Святослав нахмурился. Не торопясь отвечать, он подыскивал доступные и вместе с тем необидные слова, думая, что тот же труд, надо быть, в беседах с ним преодолевал Богомил.
— Напротив, это люди низкого рождения как правило неумеренны. И хотя бы ради наставления наследникам не стоит отступаться от своей природы. Ты, так и быть, можешь поступать как тебе твои понятия велят. Позовешь усмарей[536] из тех, кто обойничает… Только вот золоченых кож, как у жидов, не надо. Все сделают, как пожелаешь. Одно попрошу: починай это без меня. Вот, как с дружиной в поход уйду — так пожалуйста.
Они сидели, глядя прямо перед собой и, не зная того, смотрели на одну и ту же свечу.
— Все равно ведь… не станешь ты рядом со мной век сидеть, — вздохнула Предслава.
— Все же… того… однако… — запутался в словах Святослав, в который раз пораженный способностью своей супружницы проницать в его мысли.
— Все так, Святоша.

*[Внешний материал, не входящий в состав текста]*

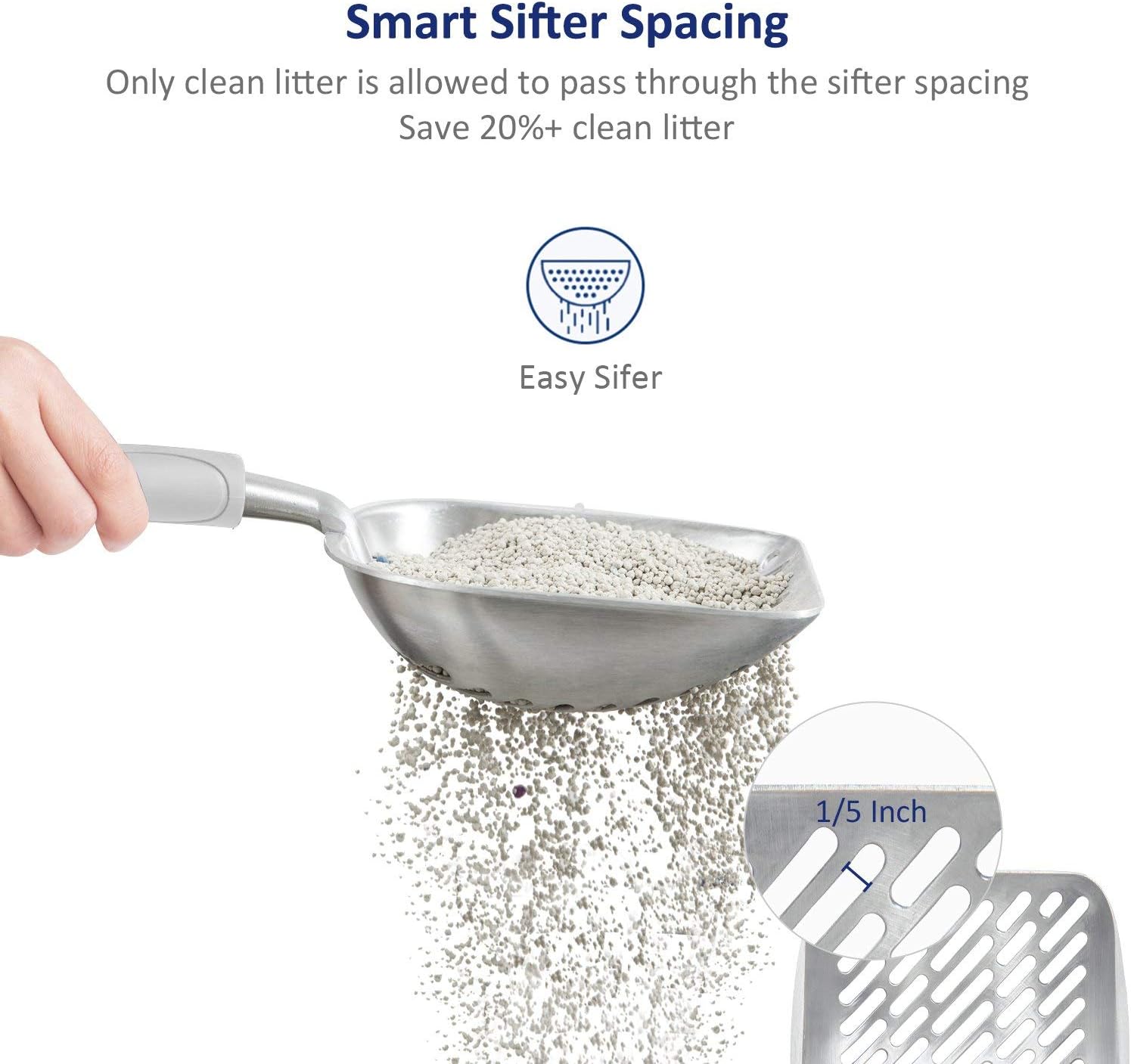 • [Features]: Deep Shovel Sifter was carefully developed by cat owners, WePet made this scooper with heavy duty quality, it’s durable, aluminum alloy body. The body is waterproof and very easy to clean, rust-resistant and corrosion resistant. It’s highly recommended by cat lovers for everyday use.

Ты не мне, ты Роду служить должен. Тебе им указано дружину свою больше жены любить. Как я тому посмела бы противиться? Я ведь батюшкой взращена. Но чудно: без досады не обходится, а был бы ты иным, так и не глянула бы в твою сторону.
Святослав обхватил рукой едва ощутимо подрагивающие плечи жены, и та порывисто прильнула к его высокой крутой груди, в которой его сердцем отсчитывал ход времени Тот, Кто является причиной всех причин, бесконечным по своей сущности, всеобщим прибежищем, светом солнца и луны, звуком в самом тонком веществе и талантом в человеке.
Кто бывал в демонской стране, кто встречался с демонами непосредственно, тот не станет, конечно, утверждать, будто это существа крылатые, хвостатые или рогатые. Ничуть не бывало. На взгляд человека неискушенного они и вовсе ничем от прочих людей неотличимы. Однако разумник сразу распознает навий[537]. Образно выраженная наставительность помещает одержимых самовластными страстями существ под землю, но занимающие их предметы навии (или демоны) чаще находят как раз на поверхности. Одним из самых ценимых ими вожделений является тщеславие. Поэтому демоны почти никогда не живут обособленно, напротив, предпочитают селиться в самых многолюдных городах. Русское Знание говорит, что есть три пути, ведущие в Небытие. Это вожделение, гнев и жадность. Но в стране навий именно эти свойства общепризнанно величаются достоинствами, а целомудрие, смирение и сдержанность подвергаются непрестанному поношению, как качества вредные. Иногда в обиходной жизни демонских сообществ государевым постановлением учреждается порядок называть растленность целомудрием или, скажем, самоотверженность глупостью, но сами демоны никогда не смешивают понятий, какими бы словами они сами их ни называли, и верно следуют голосу своей природы.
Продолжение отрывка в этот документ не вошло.